Sunday, August 02, 2015

The Most Magnificent Maps of the Week


The disorientating effect of the Elastic Terrain Map could mean that it won't be adopted too widely. However it is a very interesting way of visualizing elevation data to give a 3d effect for terrain layers.

The map is billed as a new way to visualize terrain data - and it is certainly that. The magic of the Elastic Terrain Map happens when you pan the map. Wiggle the map and watch it wobble. As you pan and move around the different parts of the map move at different speeds based on the elevation data. The result is that valleys and peaks on the map become much more apparent.


I do love a good collection of vintage maps and the Harvard Map Collection's Sea Atlases is a truly great one. Sea Atlases is a new interactive map showcasing some of the fabulous historical sea charts in the Harvard Map Collection.

Ten atlas volumes were digitized by the Harvard Map Collection, and then georeferenced in order to be able to place them on top of a modern day interactive map. Being able to explore these fantastic vintage sea charts is of course the main attraction of Sea Atlases, but this is only made possible by the beautifully intuitive and well designed interface that allows you to explore the collection by date and by location.


This week I was also really impressed with How to Find Lenin Square, an investigation into the legacy of Soviet rule on the etymology of Ukrainian street names. Twenty Four years after gaining independence from Russia the cities of Ukraine still bear the scars of Soviet rule.

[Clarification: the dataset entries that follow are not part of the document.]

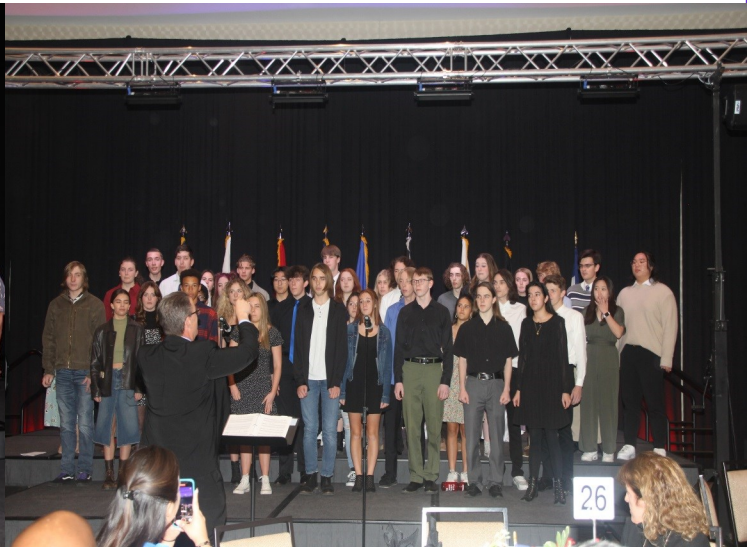
VETERAN'S SALUTE, HYATT REGENCY NOVEMBER 3, 2022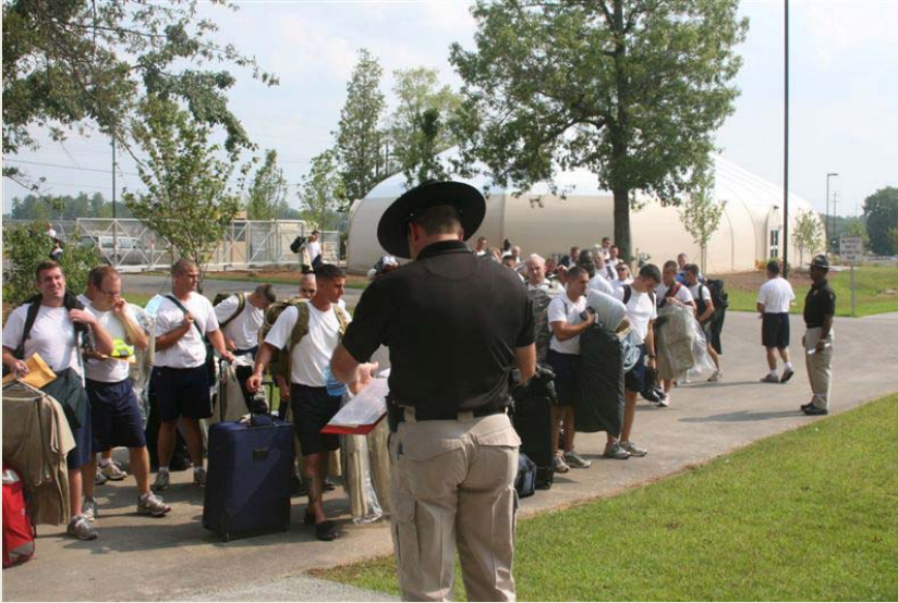
B573 the first twelve week basic class reports for training in the new Basic Law Village on July 10.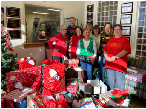
Pratt Statesville collected more than 50 gifts for local senior citizens as a part of their "Be a Santa to a Senior Holiday" program.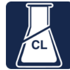
Ultra Chlorine Resistant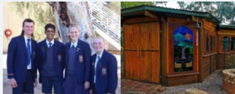
Year 12 Leadership Breakfast 7:00am, Fred McKay Education Centre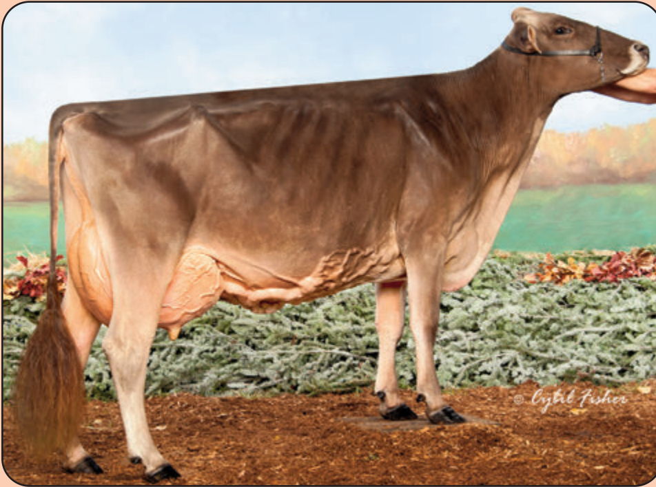
RANDOM LUCK V PRECIOUS '3E94/E94ms' 5/00 365d 2X 28820 4.2 1201 3.2 921 DHIR All American Summer Yrlg Hfr 2009, Res AA Jr 3 Yr Old 2011 All Am Sr Best 3 Fmls Member 2019 - MGD of Lot 24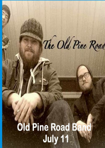
Old Pine Road Band July 11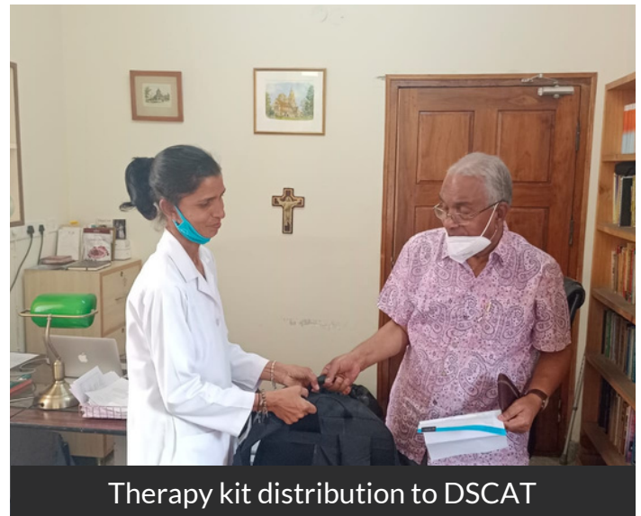
Therapy kit distribution to DSCAT

In a joint venture with The Association of People with Disability, India, PACT visited Dr S.R. Chandrasekhar Institute of Speech and Hearing, Lingarajapuram for campus interviews seeking enthusiastic and social work-oriented candidates for the position of Speech Therapist.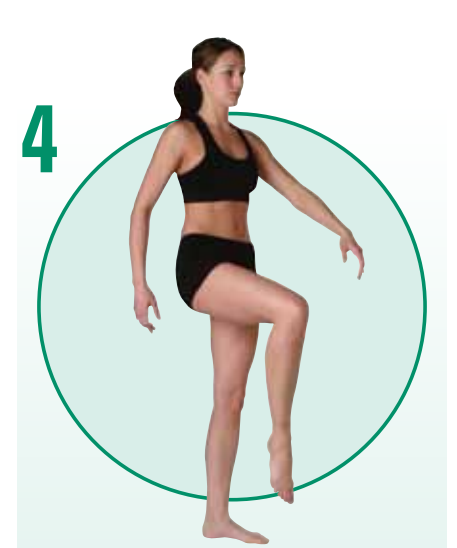
March in place while loosely swinging your arms, lifting your knees as high as possible. (20x)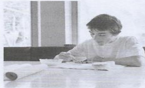
3 have breakfast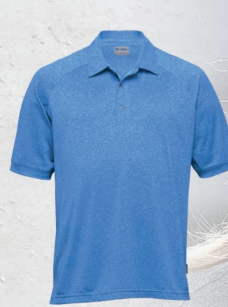
mens - royal melange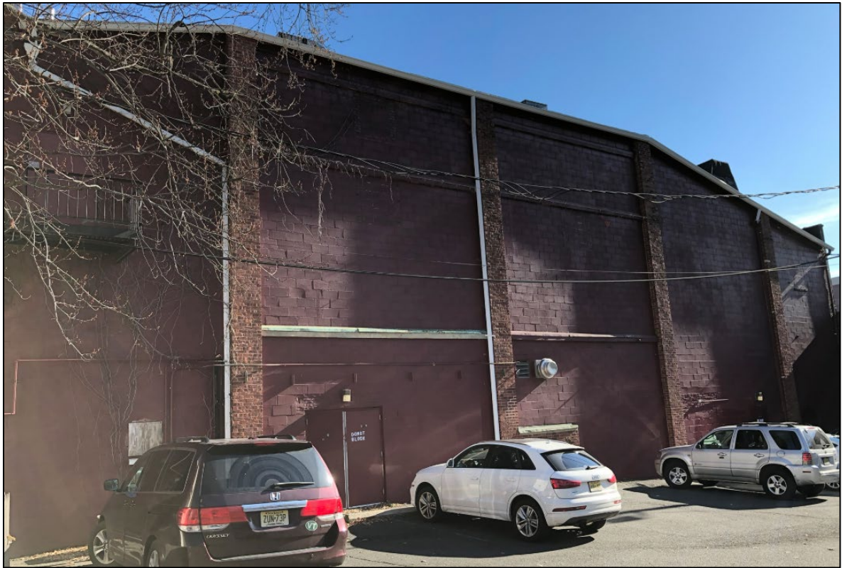
Figure 7: View of western building façade of the subject property.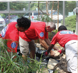
Three Lowe's Heroes volunteers rebuild the pond in Melwood's conservatory to provide moisture to plants in the building.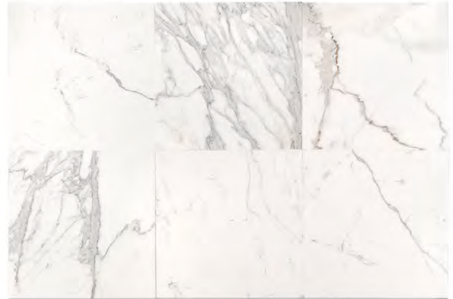
CALCATTÀ ORO 18" X 18" POLISHED MARBLE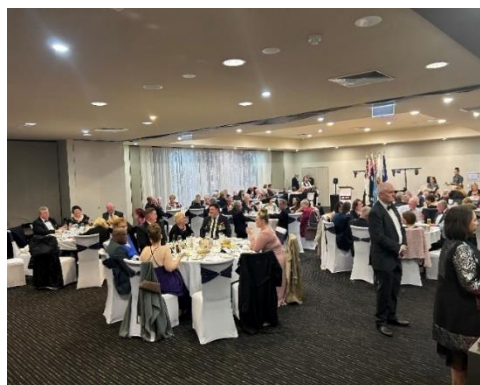
Early in the evening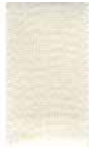
035 Swiss Satin 23 Ivory

Comparable to: Ivory, Antique White & Talc White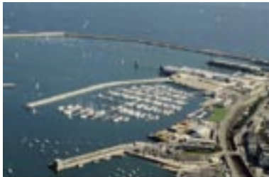
Aerial view of marina.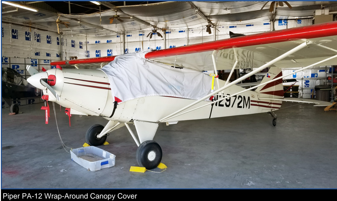
Piper PA-12 Wrap-Around Canopy Cover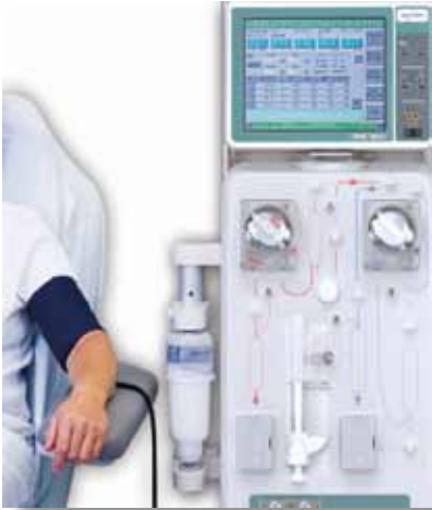
Active blood pressure measurement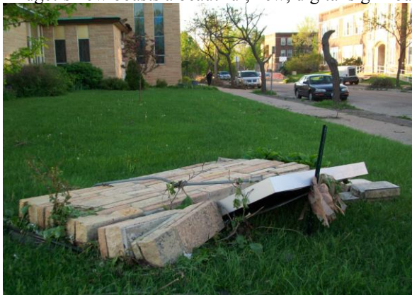
The damaged church sign following the tornado...

One of the amazing acts of damage resulting from the tornado that struck North Minneapolis in May, 2011 was the collapse of the heavy stone sign for the Church of Saint Bridget on the northeast corner of the property. Parts of the church sign were found in classrooms of the school on the other side of Emerson Avenue. Saint Bridget church was on the left edge of the damaging path of the tornado. Extensive repairs to the school were completed in time for the opening of the new school year in September. Following the repair of the school, the church roof and windows were replaced and other ancillary repairs were completed. The last item to be repaired was the church sign. Saint Bridget's now boasts a beautiful, new, digital sign housed within a construction of stone salvaged after the tornado.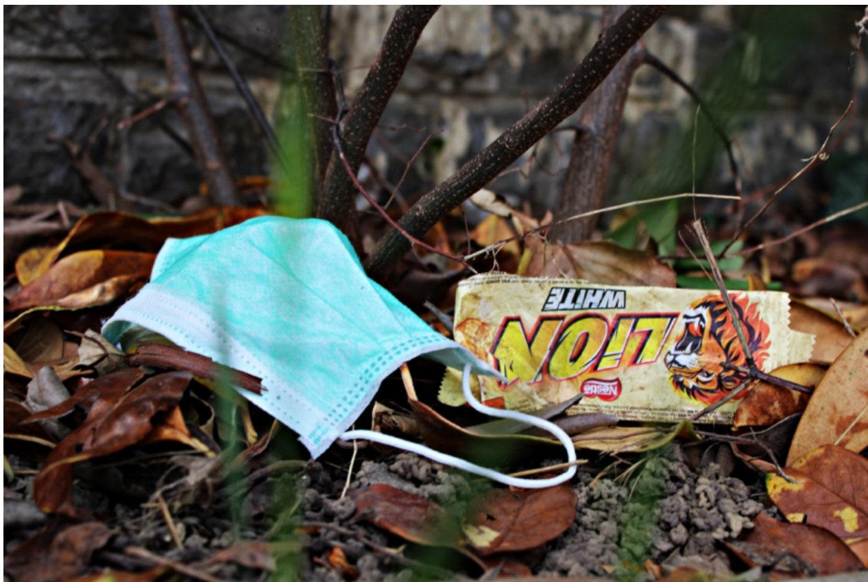
Thrown away mask in Gospodska street in Zagreb

"We are now living in a disaster movie and it just begins."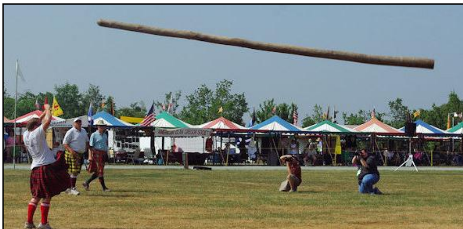
Clan tents are a feature of Scottish gatherings, promoting community and culture.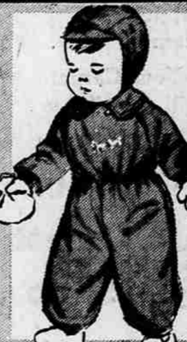
TODDLERS' FLEECE LINED SNOWSUITS 5.00

An eye-catching slipper any gal will love—fur-trimmed slippers from Penney's! They're of smooth sheepskin, prettily hand-beaded, and made with the softest soles ever. Blue, red or white with white fur collar. Mint-Pink. Sizes 4 to 9.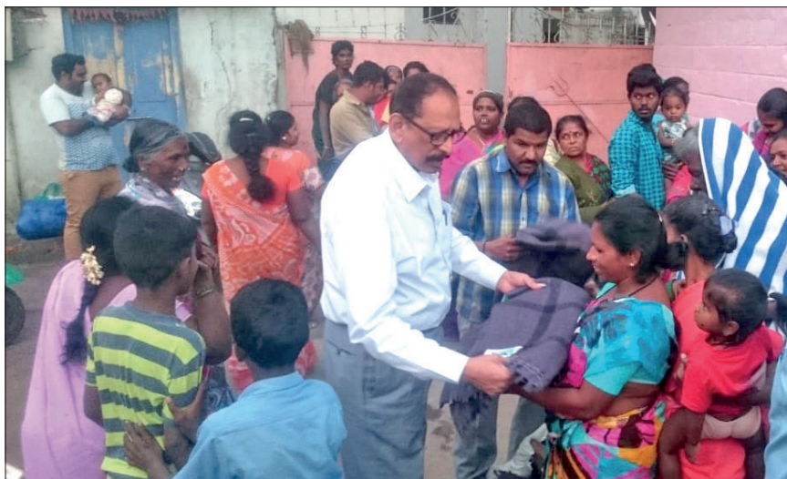
The drive was held in Nagarbhavi, Majestic, City Railway Station and other spots

Retired police personnel distribute blankets to homeless people in city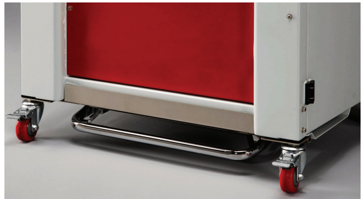
FOOT BAR ACTIVATION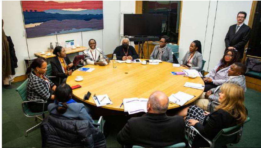
A group of external audit delegates in a meeting.

In addition to the aforementioned sessions, five meetings were held for internal and external audit delegates. These meetings covered financial audit updates, a presentation from the Chartered Institute of Public Finance and Accountancy, and risk-based auditing.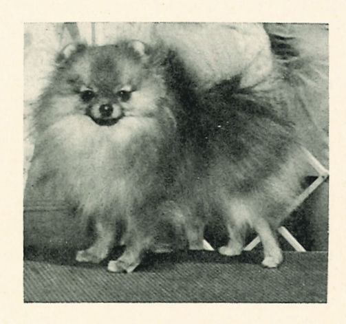
Ch. Pixie's Princess Holly Best of Opposite Sex to Best of Breed at the American Pomeranian Club Summer Specialty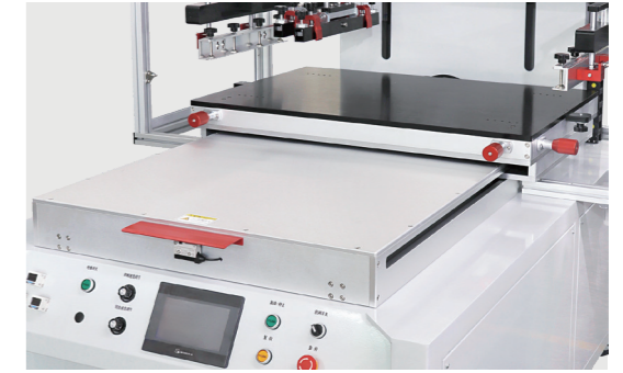
▲跑台工作台 Rotary Table Workbench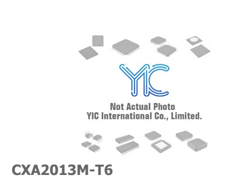
SONY CXA2013M-T6 SONY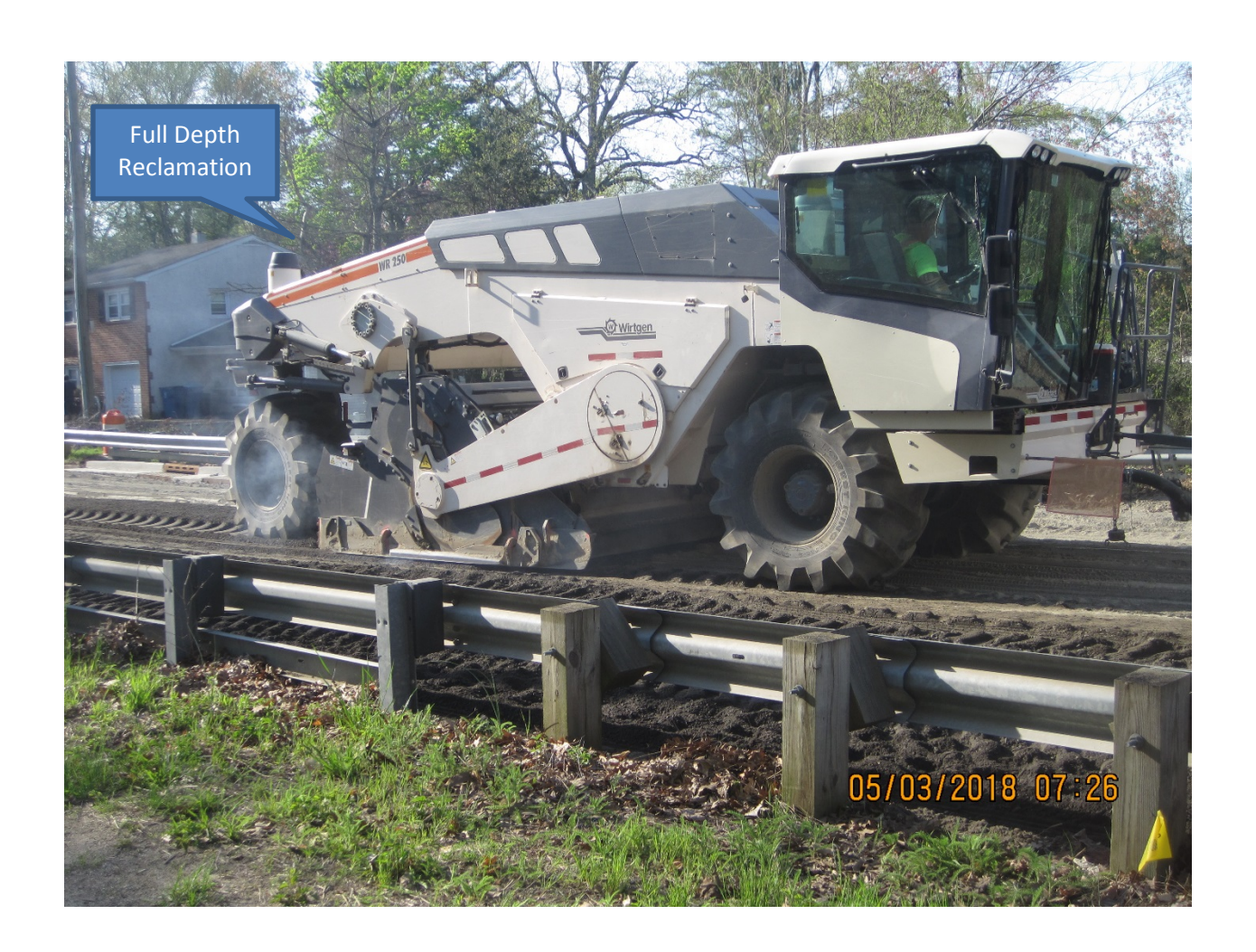
Figure 5 Full Depth Reclamation between Sta. 78+50 – 121+00 +/-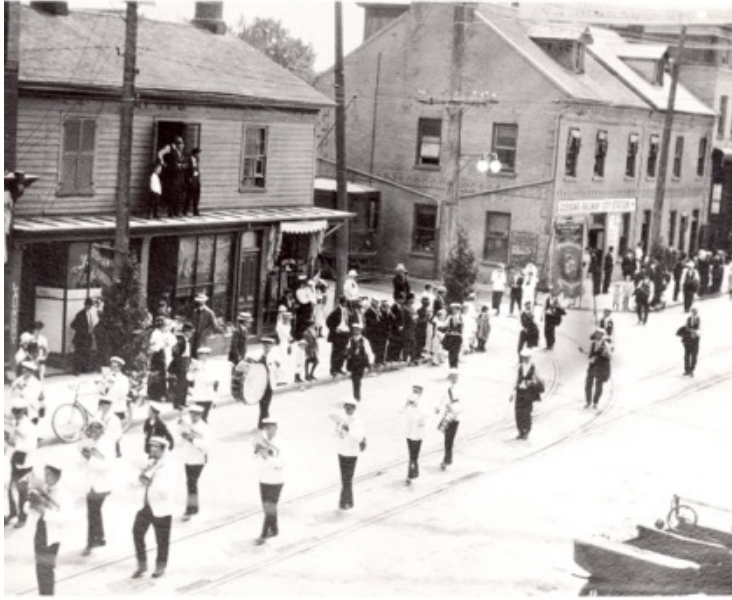
Figure 3 - Oshawa Railway car barns at the corner of Simcoe Street South and Athol Street East, where the former Oshawa Federal Building and Post Office currently stands. circa 1915.

According to the 1948 Fire Insurance Map there was no structure on the northern portion of the lot. The lot appeared to be a parking lot until it was purchased by the Federal Government in 1950 to erect a federal building, which would contain the post office, customs offices and other government departments.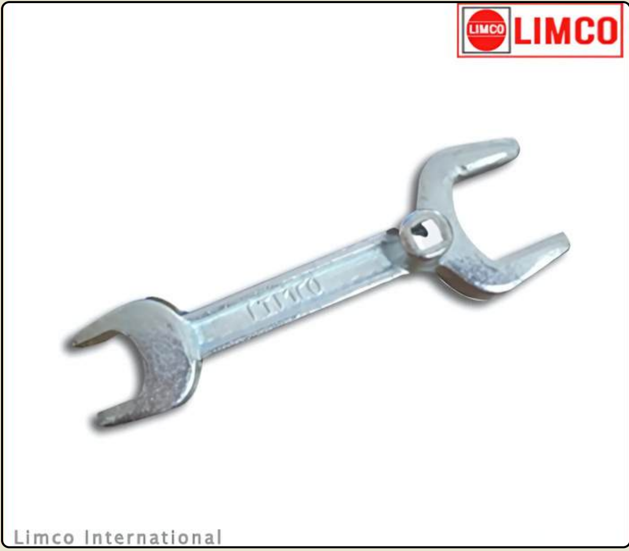
SPI-141 SPANNER INDUSTRIAL GAS SPANNER INDUSTRIAL GAS (ZINC FORGED)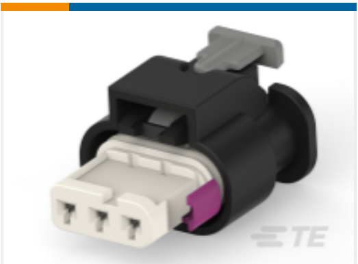
TE Part #2-2355507-1 3POS,MCON 1.2,REC HSG ASSY,SLD, COD A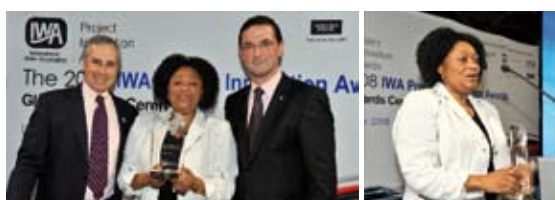
Overall Winner 2008, Rand Water

This competition is arranged by the IWA Marketing and Communications Group. The purpose of the award scheme is twofold: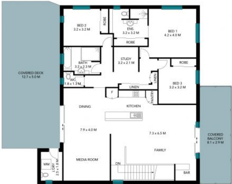
Upper Level Floor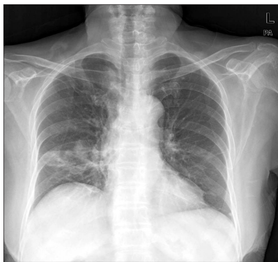
Figure 1. A chest radiograph revealed an ill-defined consolidation in the right lower lung fields and fibrotic change in the right upper lung fields.

buminemia (3.0 g/dL), and elevated C-reactive protein levels (12.26 mg/dL). Three acid-fast bacilli tests of sputum were negative. A chest radiograph showed an ill-defined consolidation in the right lower lung fields and fibrotic change in the right upper lung fields (Figure 1). Computed tomography (CT) scans of the chest showed multiple, ill-defined nodules in the right middle lung and multiple variable-sized mediastinal lymph nodes (Figure 2A). In addition, CT scans of the chest showed an irregular cavity that communicated from the right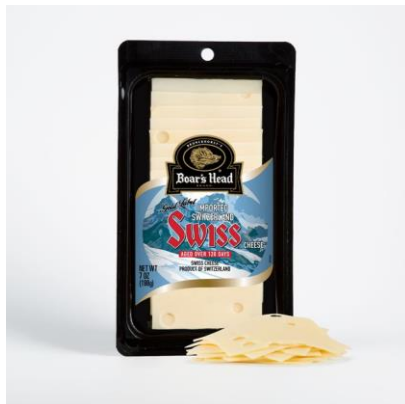
PS GOLD LABEL IMPORTED SWISS 50003 7 OZ | 12 PER CASE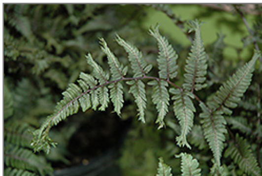
Applecourt Painted Fern foliage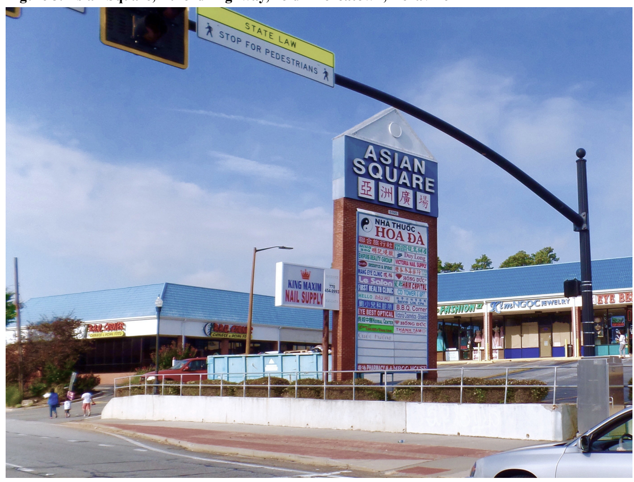
Figure 3. Asian Square, Buford Highway, "old" Koreatown, Doraville

Gwinnett County's rapid growth has been largely due to new immigrant preferences for the northeasternmost counties of the MSA. It also reflects the ongoing intra-suburban mobility of immigrant populations. For instance, while the city of Atlanta has no Koreatown, an "old" Koreatown can be found right on the inner-ring perimeter of the city, approximately 14 miles from downtown Atlanta.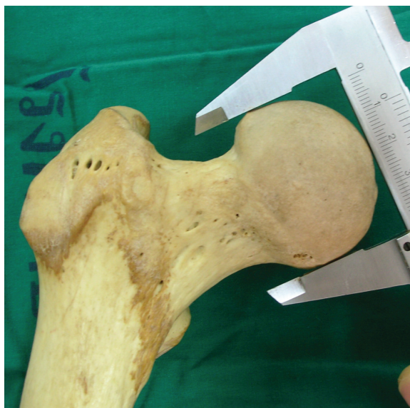
Fig. 1A Measurement of femoral head diameter in coronal plane

With the increasing popularity of hip resurfacing arthroplasty and good short to mid-term

The cultural hegemony of Russia over Ukraine can be seen in the country's maps, particularly in the preponderance of Soviet street names.

How to Find Lenin Square is a detailed analysis of the frequency and preponderance of Soviet street names in Ukraine. The article includes a number of maps of Ukrainian cities, in which the streets with Soviet era names are colored red. Some of the most popular Russian street names include 'Lenin', 'Felix Dzerzhinsky' (founder of the Russian secret police) and references to the Soviet space program.